- Work task
With the pictures removed, write out the full listing below exactly.

- Data shown
+===+
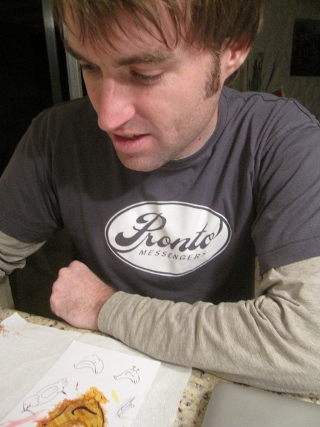 man, brown, hair, drawing, table, side burns, nose, hands, shirt, long sleeves,
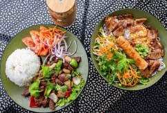 The restaurant’s vermicelli noodle bowl (rice noodles with fresh vegetables and grilled meat on top) is also wildly popular. For something that doesn’t require chopsticks or spoons, the bistro also boasts a selection of banh mi, the Vietnamese equivalent of a hero sandwich, laden with meats and condiments. The menu also features several gluten-free dishes.
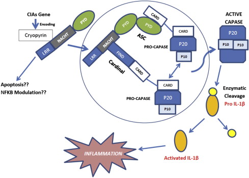 The complex detects pathogens and danger signals and induces the activation of the proinflammatory cytokines, which, in turn, attract inflammatory cells to deal with the infection or stressor. In autoinflammatory as well as allergic diseases such as contact hypersensitivity, bronchial asthma, and AD, dysfunctional inflammasome processing has been shown to account for IL-1β–induced inflammation. It is an IL-1 activating platform; cryopyrin (NLRP3, NLRP1), IPAF, and AIM2, are the key pathways to produce its activation, and have a role as key molecules in regulating the inflammatory cytokine processing platform. Fig. 2 shows a model proposed by Goldbach-Mansky of the mechanisms mentioned earlier. Cryopyrin, apoptosis speck protein (ASC), cardinal, and 2 procaspase-1 molecules assemble to form the cryopyrin inflammasome that activates caspase-1. Active caspase-1 enzymatically cleaves inactive IL-1β into its active form.
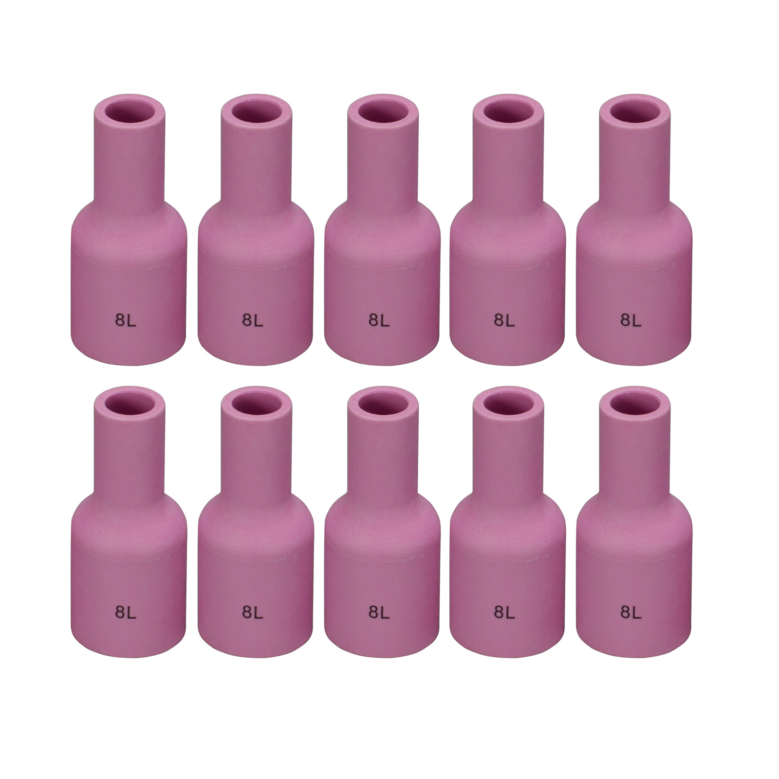 Long Large TIG Gas Lens Alumina Nozzle Ceramic Cup 57N74L (#8, 1/2" Orifice) for TIG Welding Torch WP 9 17 18 20 25 26 Series in Lincoln Miller ESAB Weldcraft CK Everlast 10pk
+===+
- Written response
 man, brown, hair, drawing, table, side burns, nose, hands, shirt, long sleeves,
 The restaurant’s vermicelli noodle bowl (rice noodles with fresh vegetables and grilled meat on top) is also wildly popular. For something that doesn’t require chopsticks or spoons, the bistro also boasts a selection of banh mi, the Vietnamese equivalent of a hero sandwich, laden with meats and condiments. The menu also features several gluten-free dishes.
 The complex detects pathogens and danger signals and induces the activation of the proinflammatory cytokines, which, in turn, attract inflammatory cells to deal with the infection or stressor. In autoinflammatory as well as allergic diseases such as contact hypersensitivity, bronchial asthma, and AD, dysfunctional inflammasome processing has been shown to account for IL-1β–induced inflammation. It is an IL-1 activating platform; cryopyrin (NLRP3, NLRP1), IPAF, and AIM2, are the key pathways to produce its activation, and have a role as key molecules in regulating the inflammatory cytokine processing platform. Fig. 2 shows a model proposed by Goldbach-Mansky of the mechanisms mentioned earlier. Cryopyrin, apoptosis speck protein (ASC), cardinal, and 2 procaspase-1 molecules assemble to form the cryopyrin inflammasome that activates caspase-1. Active caspase-1 enzymatically cleaves inactive IL-1β into its active form.
 Long Large TIG Gas Lens Alumina Nozzle Ceramic Cup 57N74L (#8, 1/2" Orifice) for TIG Welding Torch WP 9 17 18 20 25 26 Series in Lincoln Miller ESAB Weldcraft CK Everlast 10pk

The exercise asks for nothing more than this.